Polymeric nanoparticles (NPs) are approved organic nanocarriers that can entrap hydrophobic drugs in the required ratios and offer controlled drug release under different conditions [36]. In our study, we engineered NPs to encapsulate precise ratios of two drugs (Figure 1) and tested them at effective concentrations resulting in synergistic killing of GBM cells. NPs can increase the therapeutic index of the payloads administered and the basis for this argument stems from the higher cellular uptake as demonstrated in our previous study [37], and enhanced retention and cytotoxicity observed with the drug encapsulated nanoparticles as shown in our previous study [37]. The size of the nanoparticles is a crucial factor for drug delivery systems that are expected to cross the blood brain barrier (bbb). In our experiments, we ensured the size to be sub 200 nm that is ideal for the entry across bbb [38]. When tested in vivo, NPs can be designed to provide uniform biodistribution of both the drugs in the tissues.
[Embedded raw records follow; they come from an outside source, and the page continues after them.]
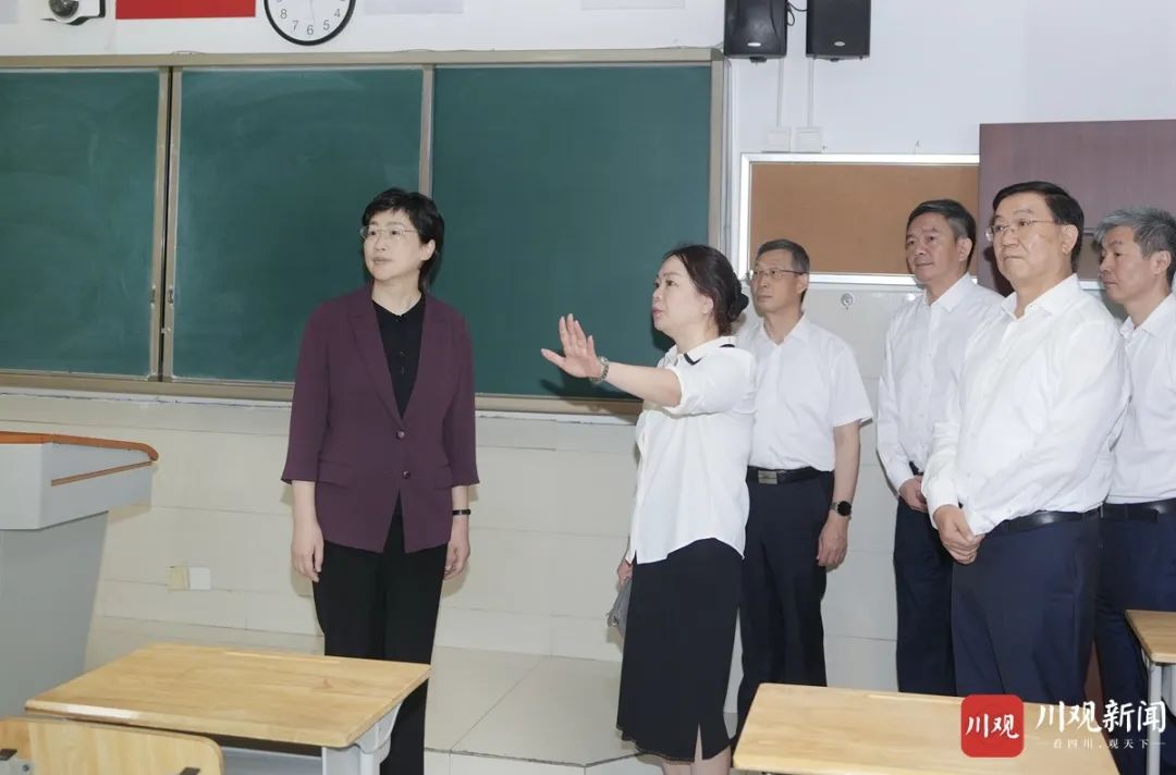 6月5日,省委副书记、省长施小琳来到成都市中和中学考点,检查智能安检运行和通道设置情况,走进考场和试卷保管室、广播信号室、视频监控室、考务办公室等重点场所察看考试准备情况。
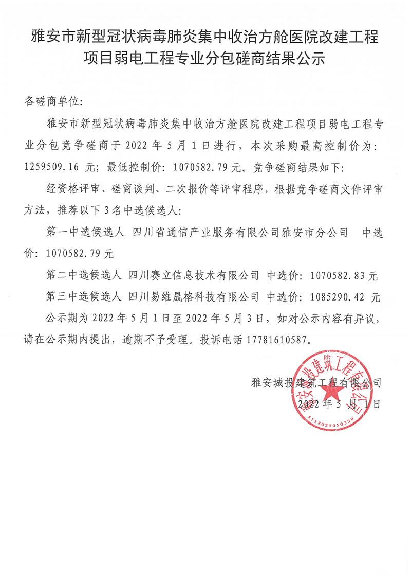 雅安市新型冠狀病毒肺炎集中收治方艙醫(yī)院改建工程項(xiàng)目弱電工程專業(yè)分包磋商結(jié)果公示
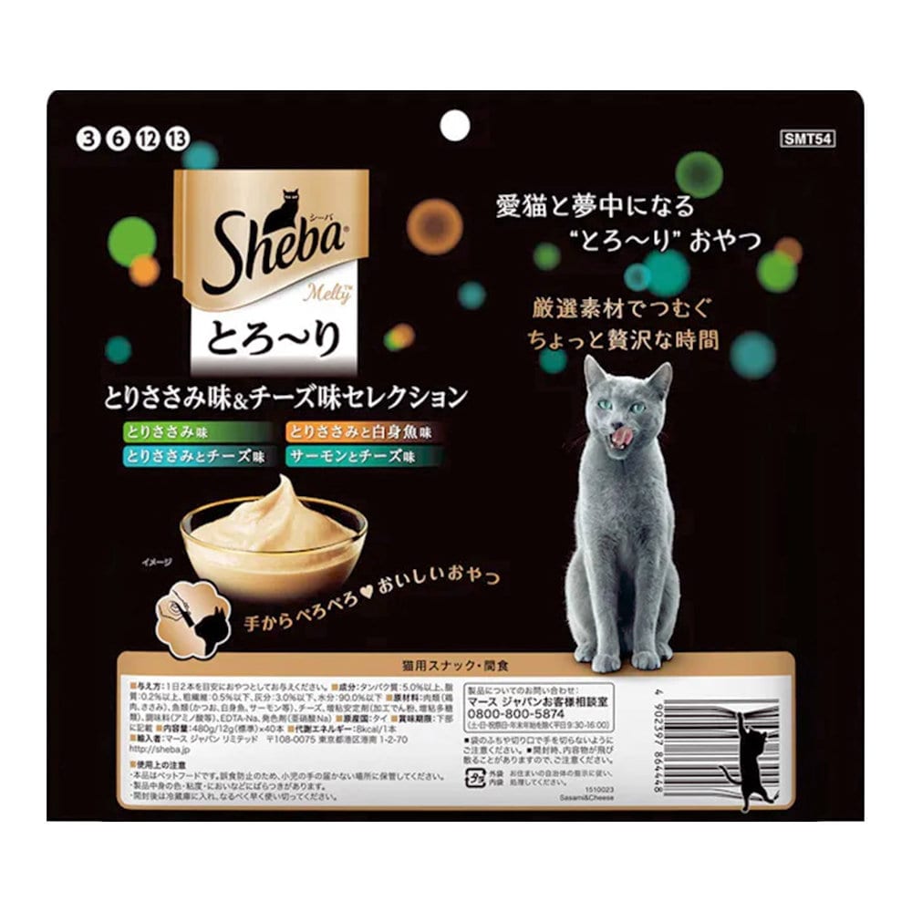 原材料・成分:肉類(鶏肉、ささみ)、魚類(かつお、白身魚、サーモン等)、チーズ、増粘安定剤(加工でん粉、増粘多糖類)、調味料(アミノ酸等)、EDTA-Na、発色剤(亜硝酸Na)
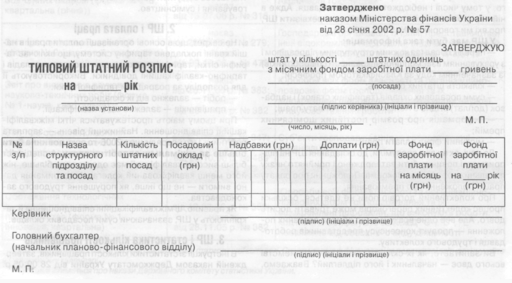 Уніфікованої форми ШР не існує. Однак у бюджетній сфері, де всі витрати (зокрема, й на оплату праці) регламентовано, така форма є. Й для бюджетників ШР обов'язковий. Затверджено її наказом Мінфіну від 28.01.02 р. № 57. І, що примітне, незважаючи на свою бюджетну спрямованість, вона (з незначними коригуваннями) підійде для потреб будь-якого, у тому числі і небюджетного, роботодавця. Адже в ній передбачено майже всі ті обов'язкові реквізити ШР, про які ми говорили в № 53 за 2005 рік.
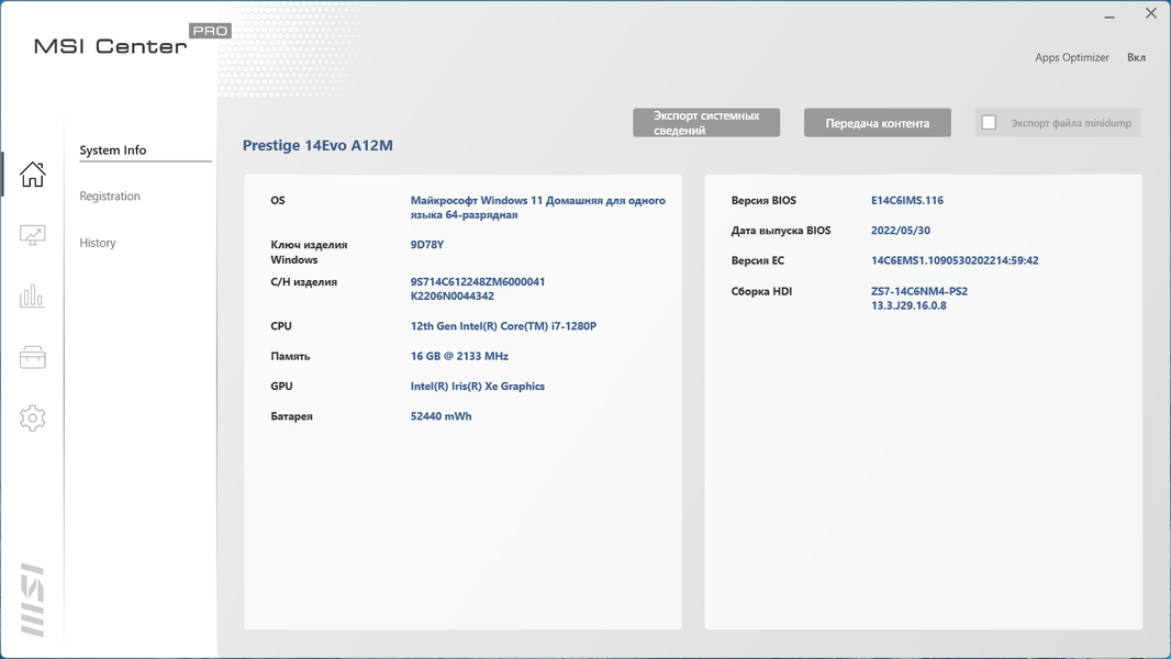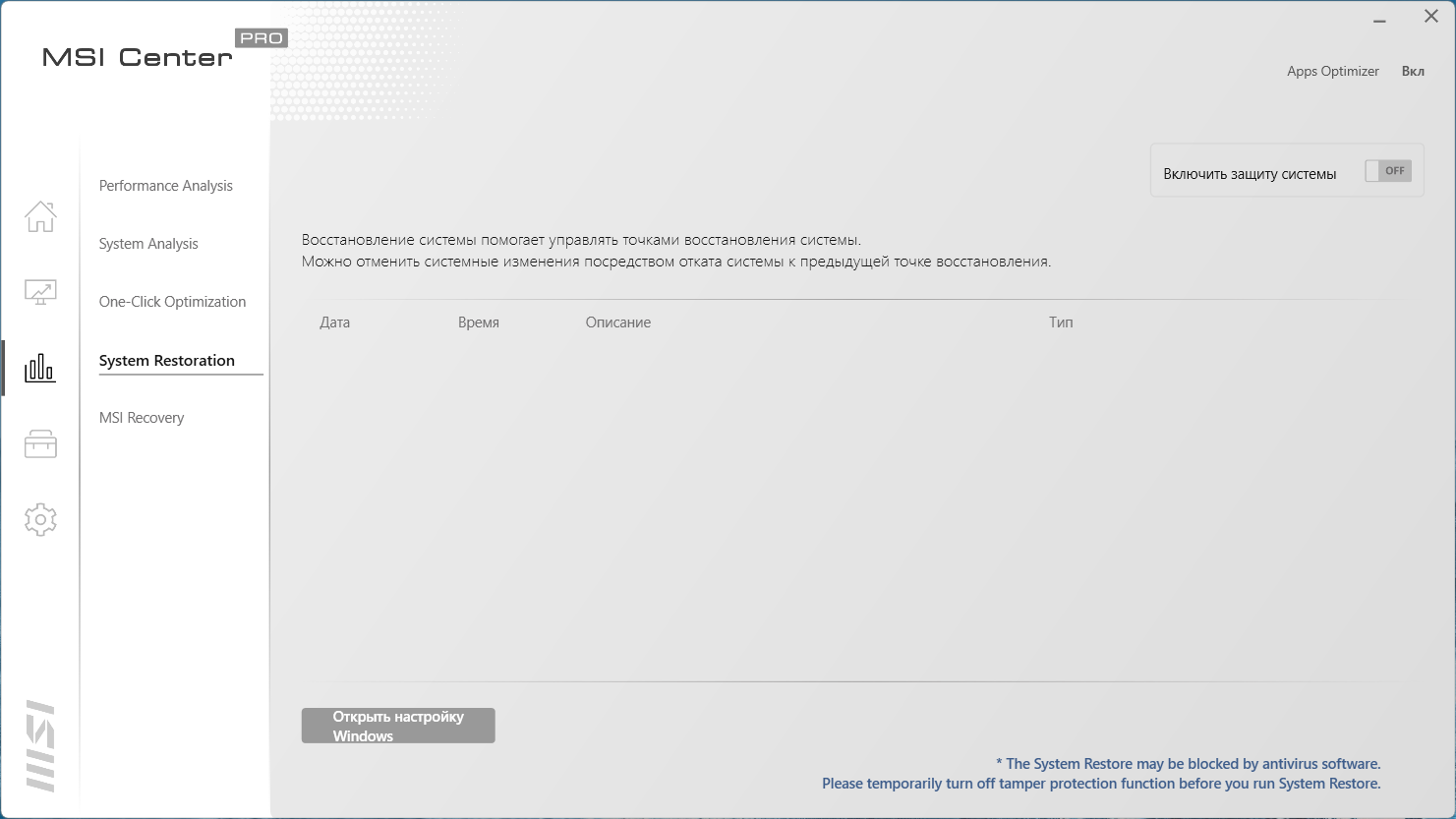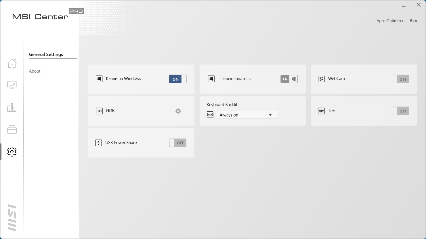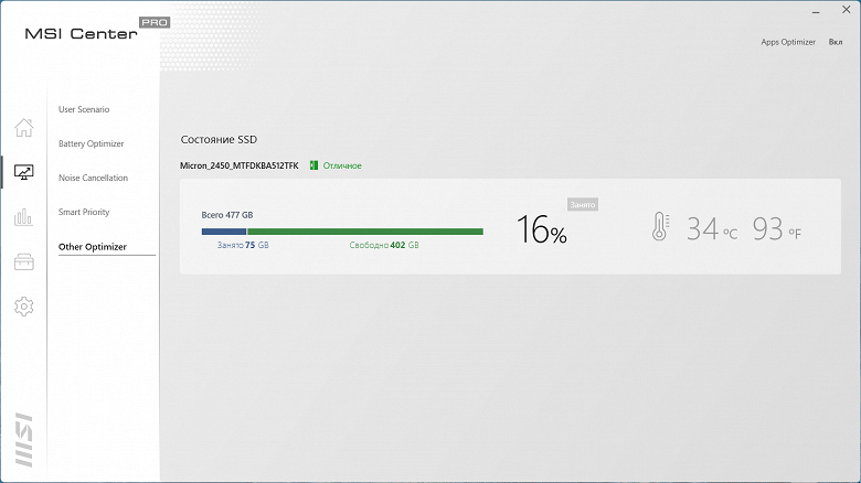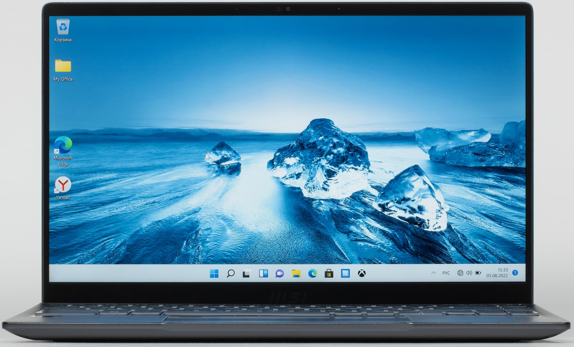 Ноутбук поставляется с ОС Windows 11 Home (домашней редакции), набором фирменных приложений, триал-версией MS Office и сетап-инициатором Yandex. Наиболее важным компонентом фирменного ПО является MSI Center.
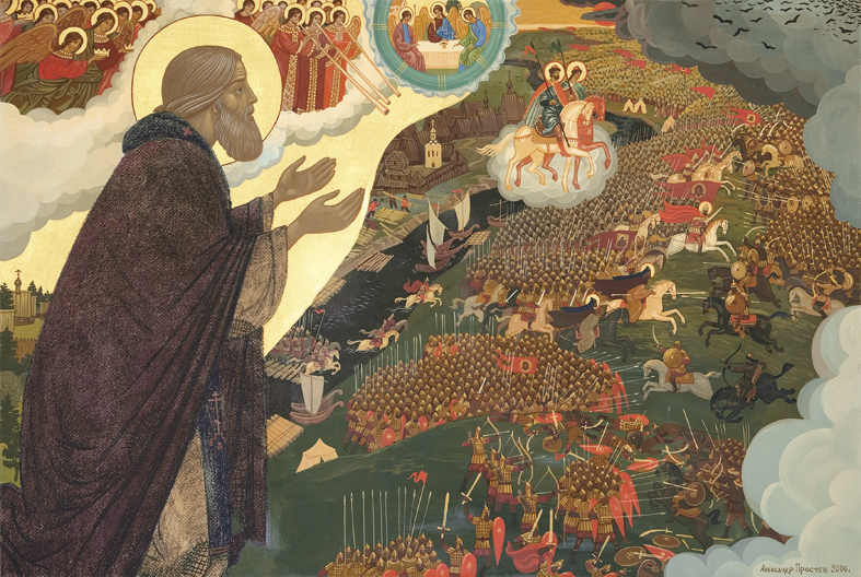 Действительно, речь ведь идёт о святом, который благословил «клятого» Московского князя Дмитрия Донского на Куликовскую битву, предсказал ему победу, да ещё и дал двух иноков Пересвета и Ослябю, своим подвигом вдохновивших войска. А Куликово, по убеждению многих учёных, стало зарождением Великороссии. Той самой – «страны-агрессора, извечного азиатского угнетателя древних свободолюбивых евроукров».

To enhance the cytotoxicity of the drugs and reduce the survival of GBM cancer cells, we demonstrate that the combination of gefitinib and GSK461364A, encapsulated in poly (lactic-co-glycolic) acid and polyethylene glycol (PLGA-PEG) nanoparticles, promotes additive or synergistic effects in U87-MG cells, containing highly aberrant chromosomes [39]. This co-encapsulation strategy offers ratiometric control over loading of both the drugs in the desired ratios. PEG enhances the stability of the formulation in vitro and avoids quicker clearance by the mononuclear phagocytic system (MPS) in vivo [40]. This robust ratiometric combinatorial approach will be enhanced when encapsulated in PLGA-PEG NPs that can prevent rapid drug degradation and clearance from the system and thereby increase the bioavailability of the drugs.
Figure 1 illustrates the mechanism of action of both the drugs when entrapped in polymeric nanoparticles and their effect when tested in glioma cells (U87-MG). Both the small molecule drugs in their free form, or when encapsulated in NPs, will bind to the plasma membrane and are internalized through endocytosis. With two different mechanisms of action, namely tyrosine kinase inhibitory activity of gefitinib and mitotic arrest at G2/M phase by GSK461364A, an accelerated cell death of glioma cells is observed with a synergistic effect of the combination. To meet the needs of new and effective combination therapies, our study adds a vital dimension to the treatment possibilities of GBM.

2. Experimental Section

Poly(lactide-co-glycolide) (PLGA) (MW: 10,000–15,000 Da), Methoxy poly(ethylene glycol)-b-poly(lactide-co-glycolide) (mPEG-PLGA) (MW: 2–15 k.Da) were purchased from PolySciTech® (West Lafayette, IN, USA). Gefitinib was purchased from Cayman Chemicals (Ann Arbor, MI, USA) and reconstituted in methanol; GSK461364A was purchased from APExBIO (Houston, TX, USA) and was dissolved in ethanol; (3-(4,5-dimethylthiazol-2-yl)-5-(3-carboxymethoxyphenyl)-2-(4-sulfophenyl)-2H-tetrazolium) MTSassay kit was purchased from Promega Corporation® (Madison, WI, USA), Triton-X and other HPLC grade organic solvents were obtained from Fisher Scientific™ (Agawam, MA, USA). Human GBM cell line, U87-MG was bought from ATCC® (Manassas, VA, USA). Eagle’s minimum essential (MEM) alpha modification media with L-glutamine (Genclone™) with 10% fetal bovine serum (FBS) (Genclone™, San Diego, CA, USA) and 1% PenStrep (Gibco™, Fisher Scientific) was used to culture and maintain the cells at 37 °C, 5% CO2. Crystal Violet was purchased from Sigma-Aldrich (St. Louis, MO, USA).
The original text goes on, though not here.